We should also include government as well, that seems to be where adoption
is currently high. how about religious organizations?


So we have:
Government (local and National)
Business
Non profit organizations
Education (all grades)
Personal users

Last year, I pushed hard to get a few of my area rural municipal
governments to adopt OpenOffice. I met with representatives of about 15
small Oklahoma towns and did a few presentations (all designed in
OpenOffice - eat the dog food!) In the end, none of them really saw any
value in migrating.

Their points were:

1. Microsoft provided us the software through a grant, we didn't have to
pay anything so money isn't an issue.

I would say these are precisely the folks that we need to emphasis using
to - to be honest though I would de-emphasis working to try to change
these folks - meaning not all organizations get grants, if one does I
would say something like.

By all means use the software but consider switching to the supported an
open standard, ODF, so they can not only take advantage of Microsofts
generorsity but gurantee themselves easy access to move to other
platforms down the road, so that future budgetary concerns are freed
from counting on future actions of the donor.

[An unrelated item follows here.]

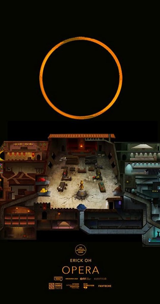 Essentially an eye-puzzle in motion, Opera is a striking, haunting interpretation of how a flawed economic system affects, or barely affects, the differing societal classes. There’s so much to analyze and discover in the short, though it does give your eyes time to wander and attempt to connect all the moving parts together. While not exactly offering any new insight into what can be done about these issues, the short still remains a piece of artistic dystopian beauty.
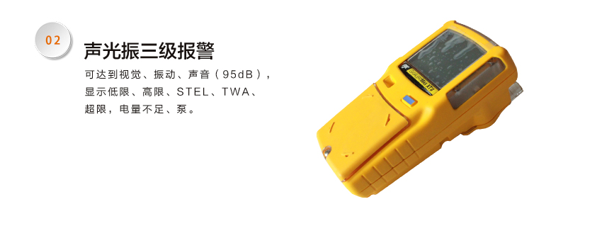4、報(bào)警:視覺(jué)、振動(dòng)、聲音(95dB),低限、高限、STEL、TWA,電量不足、泵。

If at that point all you did was get some new users of ODF it is still a
win, IMO.

Then I would move on...


2. Document conversion isn't 100% accurate in many cases and we have
regulations we have to follow that require that they be accurate.

3. Retraining costs would be extremely high. Everyone knows MS Office,
nobody knows OpenOffice. We're a small government and can't afford
retraining.

In this last ooocon there were two speakers, both from IT departments at
municipal govs. in Hungary - shops of a few 100 users each, IIRC - they
both put it quite plainly - We didn't pay to train anyone on MSO, why
would we do it for OO.o. 



4. There will be massive pushback because the skills aren't transferable
and make people effectively useless in other jobs that use MS Office.


I think we should address a few of these points in whatever evangelism
we do towards local or national governments. Federal government in the
USA has historically been suspicious and wary of open source software.
That's dramatically changed over the last few years but, in some
agencies, it's still there to a degree.

Religious organizations are another are where costs and document
portability might not be a major concern because everyone is using the
same thing so there are no problems and, in many cases, Microsoft has
donated the software or provided it under a grant for no out of pocket
expense.

Yes, I have met many people from small congregations in the forums and
on the mailing lists, OO.o has a strong usage in this part of the
population in the US and Aus, NZ or at least so it seems from my
personal experiences.



We're dealing with a very savvy competitior in Microsoft that is willing
to do whatever it takes to win. Whatever we come up with is going to
have to be just as savvy and beat them at their own game.